◆ **Material for this task**

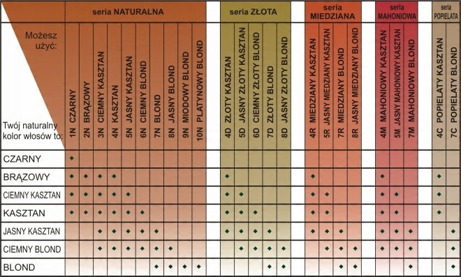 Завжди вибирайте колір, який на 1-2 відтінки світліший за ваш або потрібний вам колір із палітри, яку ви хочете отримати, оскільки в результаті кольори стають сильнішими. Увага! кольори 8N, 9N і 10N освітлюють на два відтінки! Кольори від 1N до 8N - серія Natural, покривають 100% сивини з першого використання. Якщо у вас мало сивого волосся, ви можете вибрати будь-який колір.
* * *
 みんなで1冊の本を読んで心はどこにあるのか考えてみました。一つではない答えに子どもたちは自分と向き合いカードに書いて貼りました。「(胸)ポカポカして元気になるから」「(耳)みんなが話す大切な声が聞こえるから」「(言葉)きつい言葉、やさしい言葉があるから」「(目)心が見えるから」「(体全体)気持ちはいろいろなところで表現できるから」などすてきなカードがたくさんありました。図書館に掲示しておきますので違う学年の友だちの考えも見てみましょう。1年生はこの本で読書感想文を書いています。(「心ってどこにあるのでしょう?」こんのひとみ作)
...
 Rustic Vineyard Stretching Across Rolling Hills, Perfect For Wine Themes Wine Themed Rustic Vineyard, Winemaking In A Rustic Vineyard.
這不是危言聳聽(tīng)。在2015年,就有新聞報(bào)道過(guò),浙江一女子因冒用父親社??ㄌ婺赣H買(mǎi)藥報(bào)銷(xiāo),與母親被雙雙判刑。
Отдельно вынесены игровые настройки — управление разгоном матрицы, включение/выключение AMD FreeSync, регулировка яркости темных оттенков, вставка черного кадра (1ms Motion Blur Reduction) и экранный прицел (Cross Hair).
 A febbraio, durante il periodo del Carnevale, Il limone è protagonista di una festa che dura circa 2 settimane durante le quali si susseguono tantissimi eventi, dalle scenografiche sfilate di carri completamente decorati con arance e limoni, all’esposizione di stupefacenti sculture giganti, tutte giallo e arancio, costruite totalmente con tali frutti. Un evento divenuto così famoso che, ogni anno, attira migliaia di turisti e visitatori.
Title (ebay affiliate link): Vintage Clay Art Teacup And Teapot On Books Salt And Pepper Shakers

◆ **Assignment**
In the listing above, locate the line containing "這不是危言聳聽(tīng)。" and the line containing "Title (ebay affiliate", then transcribe both and every line between them verbatim.

◆ **Answer space**
這不是危言聳聽(tīng)。在2015年,就有新聞報(bào)道過(guò),浙江一女子因冒用父親社??ㄌ婺赣H買(mǎi)藥報(bào)銷(xiāo),與母親被雙雙判刑。
Отдельно вынесены игровые настройки — управление разгоном матрицы, включение/выключение AMD FreeSync, регулировка яркости темных оттенков, вставка черного кадра (1ms Motion Blur Reduction) и экранный прицел (Cross Hair).
 A febbraio, durante il periodo del Carnevale, Il limone è protagonista di una festa che dura circa 2 settimane durante le quali si susseguono tantissimi eventi, dalle scenografiche sfilate di carri completamente decorati con arance e limoni, all’esposizione di stupefacenti sculture giganti, tutte giallo e arancio, costruite totalmente con tali frutti. Un evento divenuto così famoso che, ogni anno, attira migliaia di turisti e visitatori.
Title (ebay affiliate link): Vintage Clay Art Teacup And Teapot On Books Salt And Pepper Shakers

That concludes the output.